The output module 304 is configured to output the monitoring report generated by the data analysis processing module 302 to the user. In the present embodiment, the output module 304 stores the monitoring report and physiological parameter values and the like in the memory 202 for storage.

In this embodiment, the output unit 204 is a display, and the output module 304 displays the monitoring report to the user through the display. In other embodiments, the output module 304 can be connected to an external printer to output the monitoring report to the printer, and the monitoring report is printed by the printer.

Referring to FIG. 4, in an embodiment of the present invention, the physiological parameter monitoring device 20 can further communicate with one or more external terminal devices 200 through the second wireless communication unit 201, and collect the physiological parameters.
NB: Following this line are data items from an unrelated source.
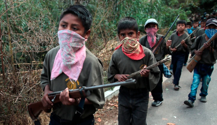 Con armas bajo custodia, uniformados con una camiseta de la policía comunitaria, cubiertos del rostro y un miedo que se refleja en su mirada, los menores se encargan de la seguridad, junto con los adultos, en su pueblo.
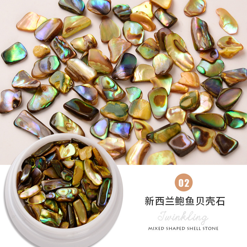 도매 그물 레드 네일 아트 천연 전복 조개 돌 색상 광택 매직 오로라 네일 장식 액세서리 세트 박스스토어 가기
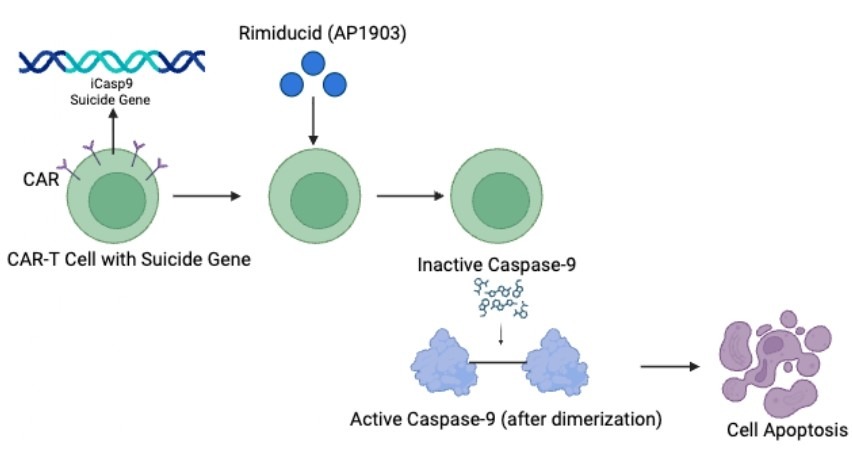A common suicide gene used in CAR T-cells is inducible caspase-9 (iCasp9). When two caspase 9 proteins pair together, or “dimerize”, they trigger a downstream biochemical cascade that results in cell death via apoptosis. The drug AP1903 will induce the pairing of these caspase 9 proteins in CAR T-cells, leading to CAR T-cell death while preserving normal cells that do not possess the iCasp9 gene59’60. Thus, by introducing suicide genes, researchers can selectively eliminate CAR T-cells in emergency cases when patients experience severe side effects.
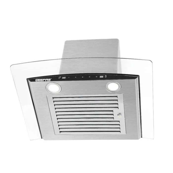 - Strong 750 m³/hr suction to remove smoke and smells effectively- Gesture and 3-speed touch controls for easy and precise use- Baffle and charcoal filters for better air purification- LED lights for clear visibility while cooking- Stylish glass finish that gives a modern appearance to the kitchen- Durable and energy-saving 230W motor- Simple to clean and maintain- Runs quietly and efficientlySpecifications:- Brand: Geepas- Type: Kitchen Chimney / Glass Hood- Power: 230W- Suction Capacity: 750 m³/hr- Material: Glass and metal body- Filters: Baffle and charcoal- Control Type: Gesture and 3-speed touch- Lighting: LED lights- Color: Black and transparent glass- Suitable For: Kitchen ventilation, smoke and odor removal

The user's physiological parameters collected by the device 10 are sent to the terminal setting 200, and the terminal device 200 analyzes and processes the physiological parameter to generate the physiological parameter monitoring report. When the user wants to obtain the physiological parameter monitoring report, It is acquired by the terminal device 200. The terminal device 200 may include, but is not limited to, a terminal device such as a cloud server, a web server, a personal computer, or the like (for example, a computer of a doctor's office). In some embodiments, the physiological parameter monitoring device may directly send the monitoring report to the cloud server or other terminal device through the second wireless communication unit 201.

In some embodiments of the present invention, the physiological parameter monitoring device 20 immediately transmits user physiological parameters to the terminal device through the second wireless communication unit 201. When the network connection between the physiological parameter monitoring device 20 and the terminal device 200 is interrupted, the physiological parameter monitoring device 20 may temporarily store the physiological parameters of the user, and in the case of network recovery, the parameters to be generated are generated. When the monitoring is completed and the user needs to upload data such as physiological parameters and monitoring reports, the physiological parameter monitoring device 20 transmits the physiological parameters and the like to the terminal device 200.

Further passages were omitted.